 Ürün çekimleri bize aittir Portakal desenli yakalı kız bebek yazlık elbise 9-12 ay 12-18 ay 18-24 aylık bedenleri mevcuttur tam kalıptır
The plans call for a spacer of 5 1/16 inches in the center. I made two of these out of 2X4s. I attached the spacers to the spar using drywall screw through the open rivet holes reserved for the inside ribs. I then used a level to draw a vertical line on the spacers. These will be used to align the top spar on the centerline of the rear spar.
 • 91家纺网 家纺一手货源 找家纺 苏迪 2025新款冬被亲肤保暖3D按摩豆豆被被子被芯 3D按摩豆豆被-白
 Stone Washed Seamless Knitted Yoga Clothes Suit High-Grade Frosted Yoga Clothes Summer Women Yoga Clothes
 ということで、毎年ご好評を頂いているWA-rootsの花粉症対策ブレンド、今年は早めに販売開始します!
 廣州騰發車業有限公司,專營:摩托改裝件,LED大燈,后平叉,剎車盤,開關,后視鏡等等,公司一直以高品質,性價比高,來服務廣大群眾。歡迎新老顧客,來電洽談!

---

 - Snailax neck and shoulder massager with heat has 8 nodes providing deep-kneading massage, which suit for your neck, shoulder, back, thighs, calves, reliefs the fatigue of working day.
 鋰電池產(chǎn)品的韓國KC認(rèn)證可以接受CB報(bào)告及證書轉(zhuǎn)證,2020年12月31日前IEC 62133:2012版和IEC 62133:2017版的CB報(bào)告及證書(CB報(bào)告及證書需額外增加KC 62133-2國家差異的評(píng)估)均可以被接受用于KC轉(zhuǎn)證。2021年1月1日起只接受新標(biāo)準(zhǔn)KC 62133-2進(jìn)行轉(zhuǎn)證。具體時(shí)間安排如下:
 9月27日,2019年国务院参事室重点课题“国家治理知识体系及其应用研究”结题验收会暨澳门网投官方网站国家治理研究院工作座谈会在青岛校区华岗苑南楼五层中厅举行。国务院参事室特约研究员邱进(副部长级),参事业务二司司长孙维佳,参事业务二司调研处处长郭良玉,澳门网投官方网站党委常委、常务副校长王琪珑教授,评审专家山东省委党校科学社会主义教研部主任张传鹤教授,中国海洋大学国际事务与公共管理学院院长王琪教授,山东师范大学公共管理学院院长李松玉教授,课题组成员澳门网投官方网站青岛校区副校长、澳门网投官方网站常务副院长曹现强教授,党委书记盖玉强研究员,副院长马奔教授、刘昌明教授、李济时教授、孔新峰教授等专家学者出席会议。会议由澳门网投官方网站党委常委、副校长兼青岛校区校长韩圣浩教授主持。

- **What to work on**
From the material above, copy exactly the lines between the line holding "ということで、毎年ご好評を頂" and the line holding "廣州騰發車業有限公司,專營:摩托改裝件,LED大燈,后平", inclusive, and only those.

- **Task result**
 ということで、毎年ご好評を頂いているWA-rootsの花粉症対策ブレンド、今年は早めに販売開始します!
 廣州騰發車業有限公司,專營:摩托改裝件,LED大燈,后平叉,剎車盤,開關,后視鏡等等,公司一直以高品質,性價比高,來服務廣大群眾。歡迎新老顧客,來電洽談!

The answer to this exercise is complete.